EXERCISE DESCRIPTION: Return only what runs from the line containing "Bidón fabricado en" through the last line of the entries below, exactly, omitting pictures.

DATASET:
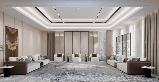 公司大門簡潔大氣,弧形設計與直線條結合,彰顯現(xiàn)代感與穩(wěn)重。大堂以金色為主調(diào),搭配綠植與藝術裝置,營造出高端且富有生機的氛圍。接待室布置舒適沙發(fā)與精致裝飾,營造溫馨洽談環(huán)境。會議廳整齊排列座椅,簡潔實用,滿足會議需求。展廳則運用流線型元素與科技感燈光,展示產(chǎn)品與企業(yè)形象,增強互動體驗。整體設計風格統(tǒng)一,既體現(xiàn)企業(yè)實力與專業(yè)性,又融入人文關懷與現(xiàn)代科技元素,打造舒適且富有魅力的企業(yè)空間。
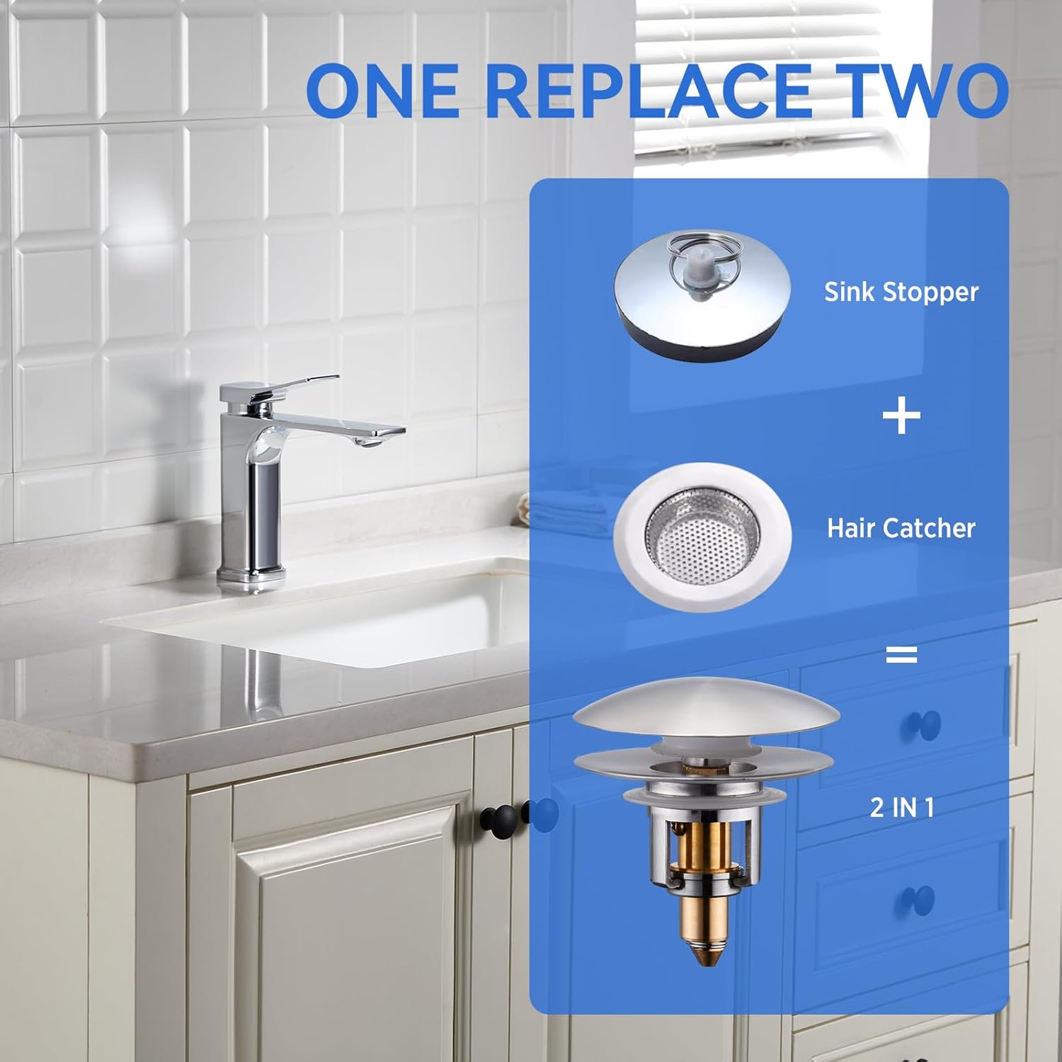 - 【2-in-1 Bathroom Sink Stopper】This dual-function stopper features a built-in spring mechanism that allows you to easily switch between sealing and draining with a simple push. The sink stopper not only stops water flow but also catches hair and small items to prevent clogs, offering more convenience than traditional rubber stoppers.
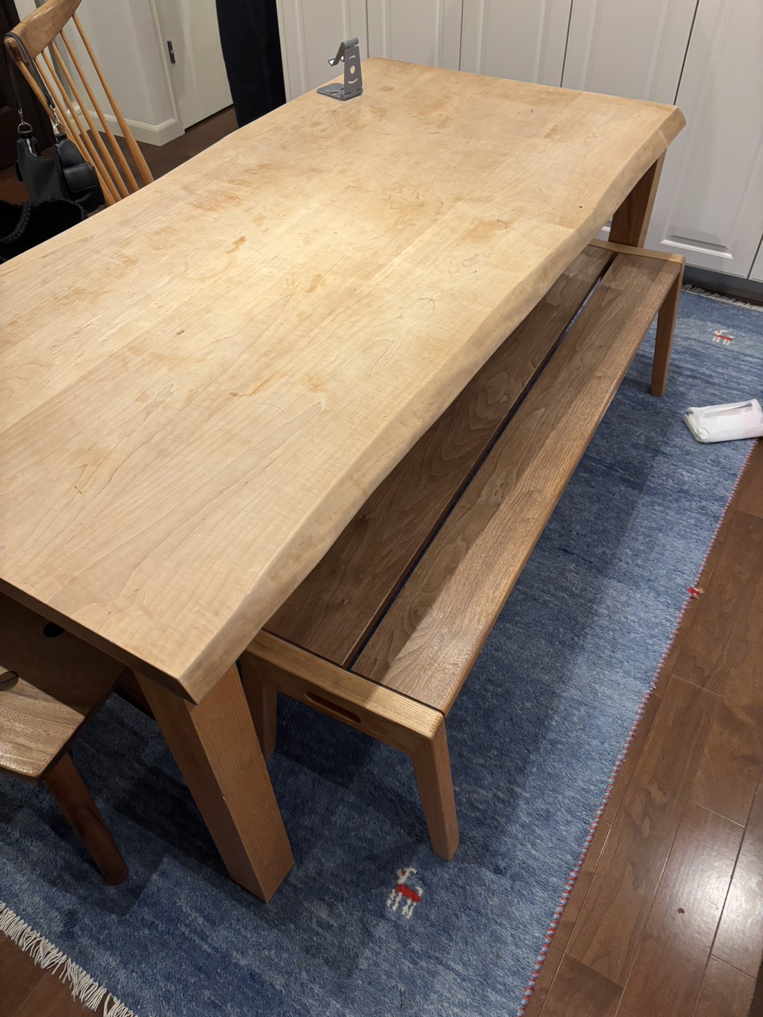 以前当店にてお買い求め頂いたメープル材無垢剥ぎテーブルの天板
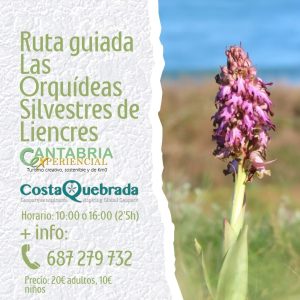 *Sábado 17: Ruta guiada “Las Orquídeas Silvestres de Liencres”: Cantabria experiencial organiza este recorrido en Liencres. Durante el paseo el guía nos irá descubriendo las diferentes especies de orquídeas silvestres y otras plantas interesantes que vayamos encontrando. En esta zona podemos encontrar más de 20 especies diferentes a lo largo del año, haciendo de este punto uno de los más diversos de Cantabria en cuanto a estas curiosas flores se refiere.
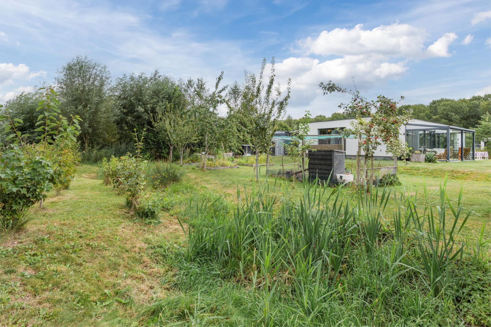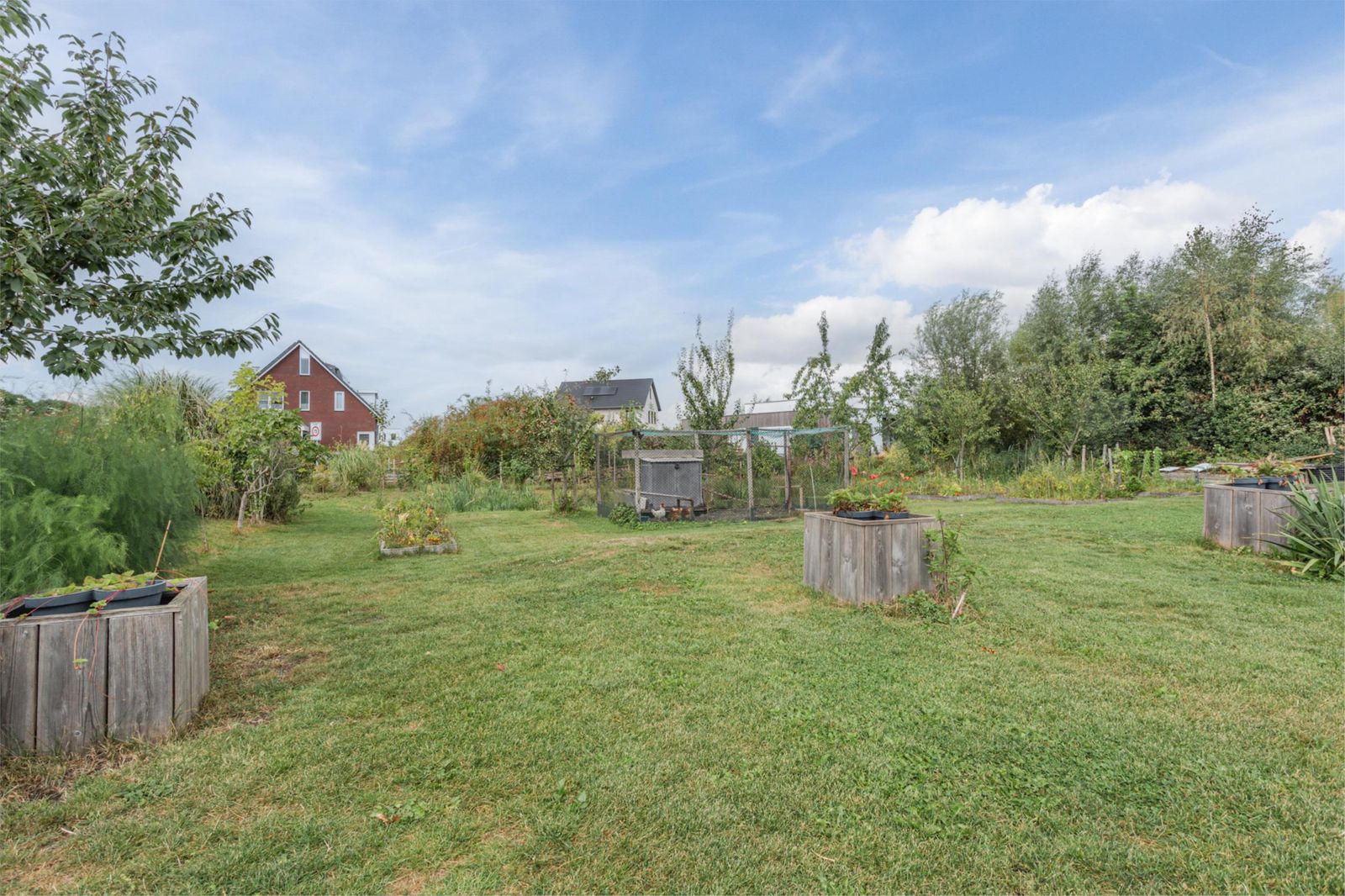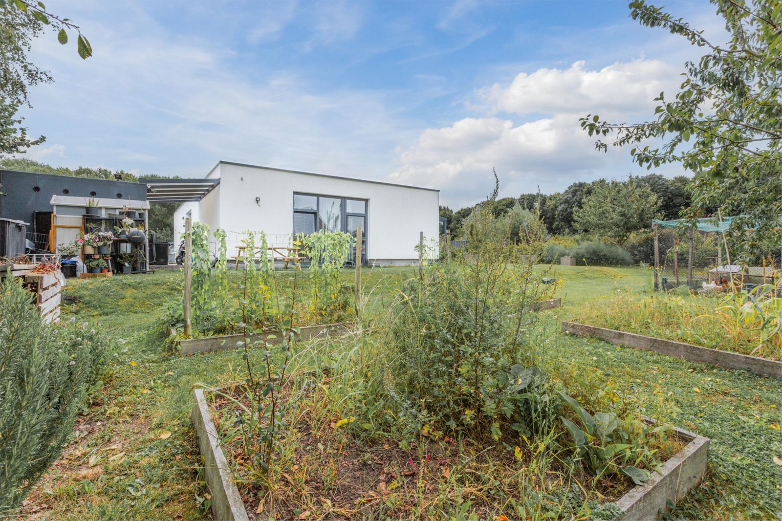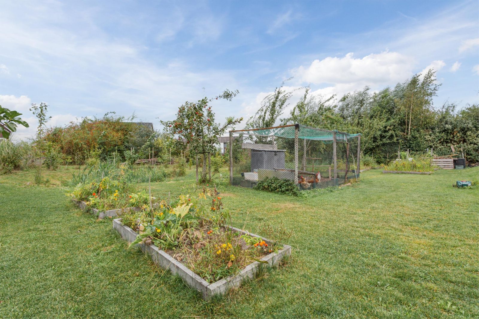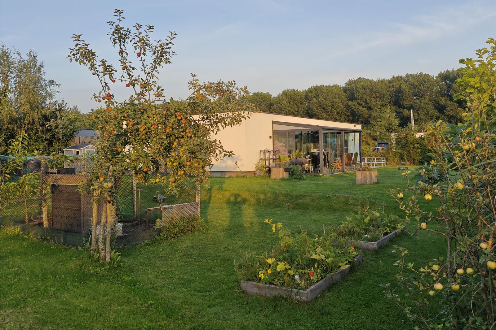 Op je eigen perceel ben je verplicht om een deel van de grond te gebruiken voor stadslandbouw, waar de huidige indeling al rekening mee houdt. De ruime kavel is prachtig aangelegd met diverse fruitbomen en struiken en biedt volop mogelijkheden voor de verdere inrichting van je eigen eetbare tuin.
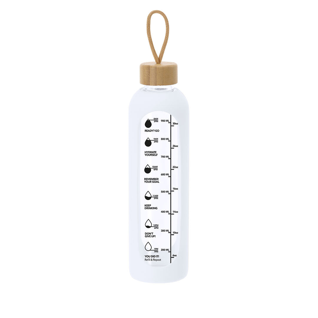 Bidón fabricado en cristal de 1L de capacidad, diseñado para fomentar una hidratación adecuada. Recubierto con funda de silicona que protege y proporciona un agarre cómodo y seguro.Incluye indicador de capacidad en litros y onzas, acompañado de frases motivadoras que inspiran a mantener una correcta hidratación diaria. Tapón, elaborado en bambú, incluye práctico cordón para facilitar su transporte. Libre de BPA.
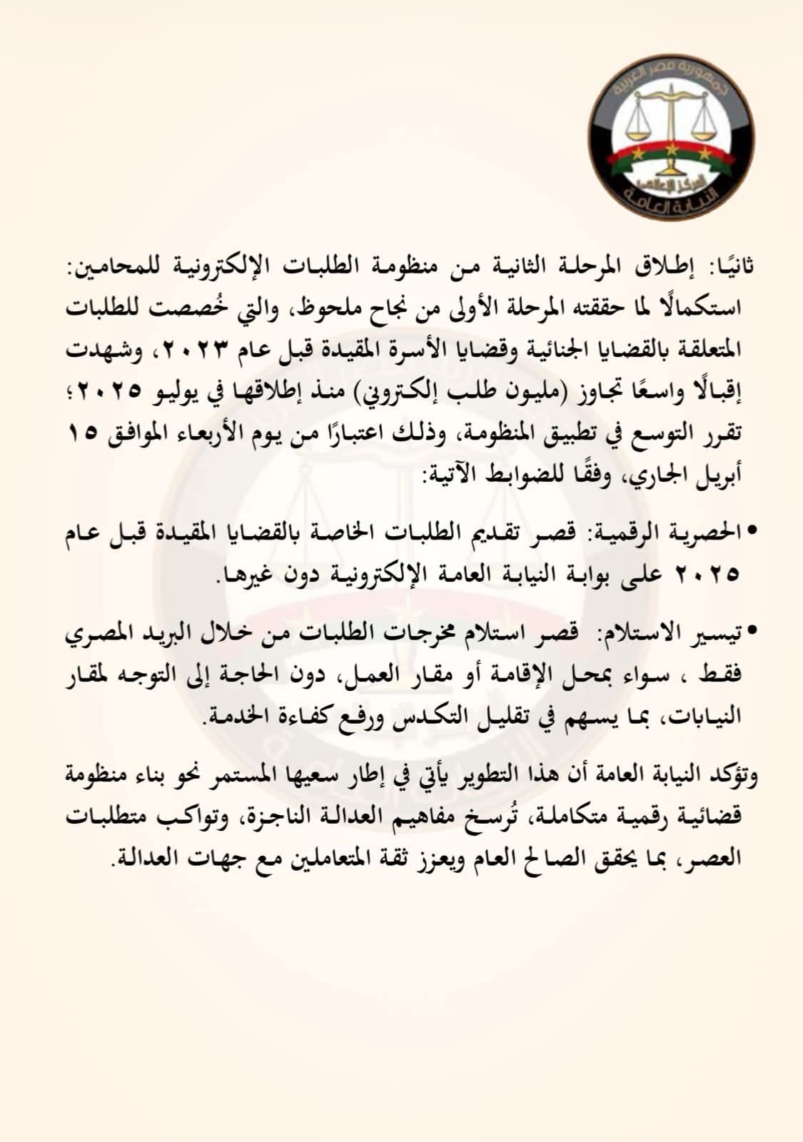 استكمالًا لما حققته المرحلة الأولى من نجاح ملحوظ، والتي خُصصت للطلبات المتعلقة بالقضايا الجنائية وقضايا الأسرة المقيدة قبل عام ٢٠٢٣، وشهدت إقبالًا واسعًا تجاوز (مليون طلب إلكتروني) منذ إطلاقها في يوليو ٢٠٢٥؛ تقرر التوسع في تطبيق المنظومة، وذلك اعتبارًا من يوم الأربعاء الموافق ١٥ أبريل الجاري، وفقًا للضوابط الآتية:

ANSWER FOR THE TASK:
 Bidón fabricado en cristal de 1L de capacidad, diseñado para fomentar una hidratación adecuada. Recubierto con funda de silicona que protege y proporciona un agarre cómodo y seguro.Incluye indicador de capacidad en litros y onzas, acompañado de frases motivadoras que inspiran a mantener una correcta hidratación diaria. Tapón, elaborado en bambú, incluye práctico cordón para facilitar su transporte. Libre de BPA.
 استكمالًا لما حققته المرحلة الأولى من نجاح ملحوظ، والتي خُصصت للطلبات المتعلقة بالقضايا الجنائية وقضايا الأسرة المقيدة قبل عام ٢٠٢٣، وشهدت إقبالًا واسعًا تجاوز (مليون طلب إلكتروني) منذ إطلاقها في يوليو ٢٠٢٥؛ تقرر التوسع في تطبيق المنظومة، وذلك اعتبارًا من يوم الأربعاء الموافق ١٥ أبريل الجاري، وفقًا للضوابط الآتية:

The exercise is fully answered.